In Bayern musste die Polizei wegen einer Aktion beim Autobahnkreuz München-Nord die A9 in Richtung München sperren. Klimaaktivisten hätten auch auf Schilderbrücken auf der A96 protestiert, teilte die Polizei mit. In der Münchner Innenstadt gab es ebenfalls eine Blockade. Zuvor hatte die Gruppe bei Twitter von Aktionen in beiden Städten berichtet: „Zeitgleich steigen in München Menschen auf Schilderbrücken, während andere Straßenblockaden in Berlin durchführen.“

Unter den Teilnehmern seien viele, die bereits einen Monat im Gefängnis gesessen hätten und teils zu hohen Geldstrafen verurteilt worden seien, hieß es von der Gruppe. Und später: „Die Aussicht auf Präventivhaft oder Strafen hält diese Menschen nicht ab“.

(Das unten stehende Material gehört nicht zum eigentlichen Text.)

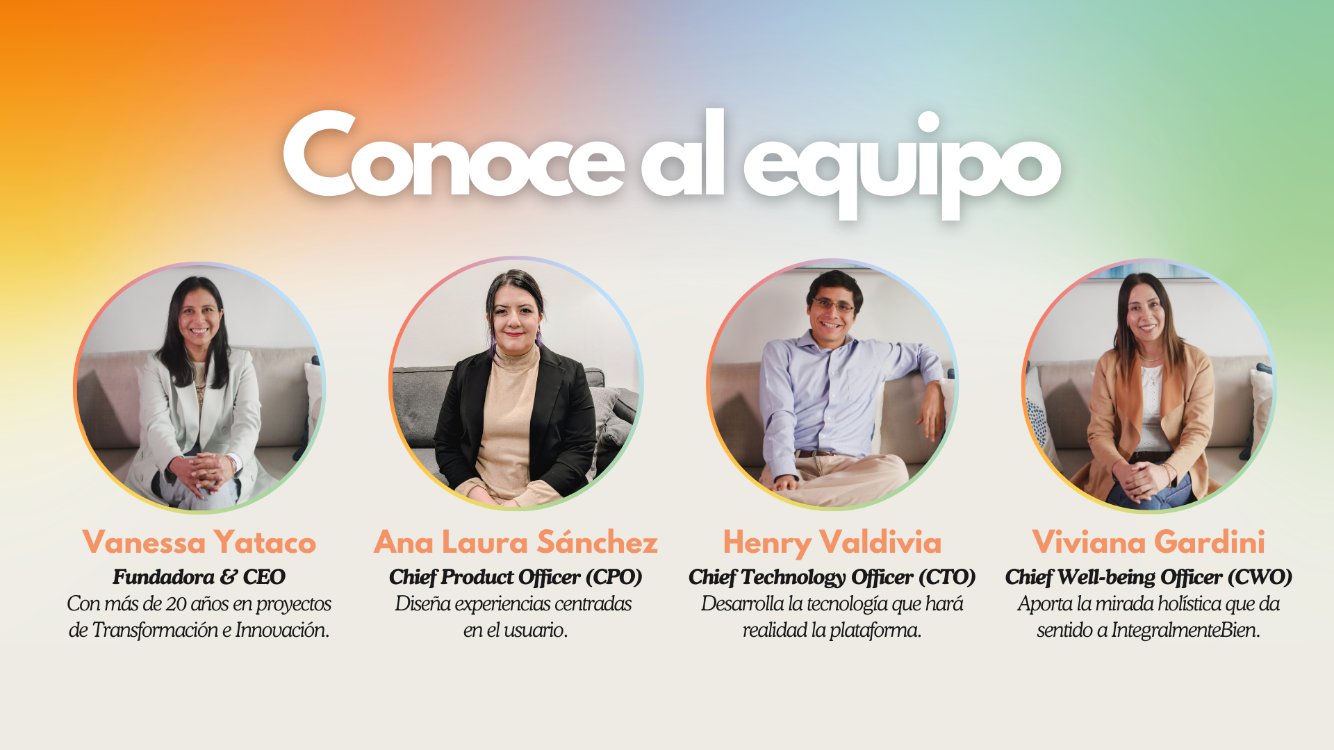 Somos un equipo multicultural, comprometido con transformar el bienestar en la vida de más personas. Desde Perú y México, combinamos experiencia en tecnología, bienestar y desarrollo de productos digitales. Vanessa lidera como CEO con más de 20 años de experiencia en proyectos de Transformación e Innovación; Henry, nuestro CTO, desarrolla la tecnología que hará realidad la plataforma; Ana Laura, como CPO, diseña experiencias centradas en el usuario; y Viviana, nuestra Chief Wellbeing Officer, aporta la mirada holística que da sentido a IntegralmenteBien.

NRW-Innenminister erwägt „härtere Gangart“

Aus Sicht von Nordrhein-Westfalens Innenminister Herbert Reul (CDU) muss der Staat bei den Klimaaktivisten der „Letzten Generation“ sehr wachsam sein und nach einer eingehenden Prüfung möglicherweise eine härtere Gangart einlegen. „Der Staat kann nicht einfach zugucken und das weiterlaufen lassen“, sagte Reul im Deutschlandfunk. Die Klimabewegung „Fridays for Future“ sei anders, ihre Anhänger hätten die gesetzlich vorgegebenen Grenzen in der Regel eingehalten. Bei der „Letzten Generation“ hingegen seien Grenzen überschritten. Die Politik will die Gruppe bundesweit stärker in den Blick nehmen, wie bei einem Treffen der Innenminister von Bund und Ländern am vergangenen Freitag in München deutlich wurde.

Die Gruppe „Letzte Generation“ verlangt von der Bundesregierung einen besseren Klimaschutz und fordert unter anderem ein Tempolimit von 100 Kilometern pro Stunde auf Autobahnen und ein 9-Euro-Bahnticket für ganz Deutschland. In den vergangenen Monaten hat die Gruppe immer wieder Straßen blockiert, Kunstwerke attackiert oder etwa in Berlin den Hauptstadtflughafen BER zeitweise lahmgelegt.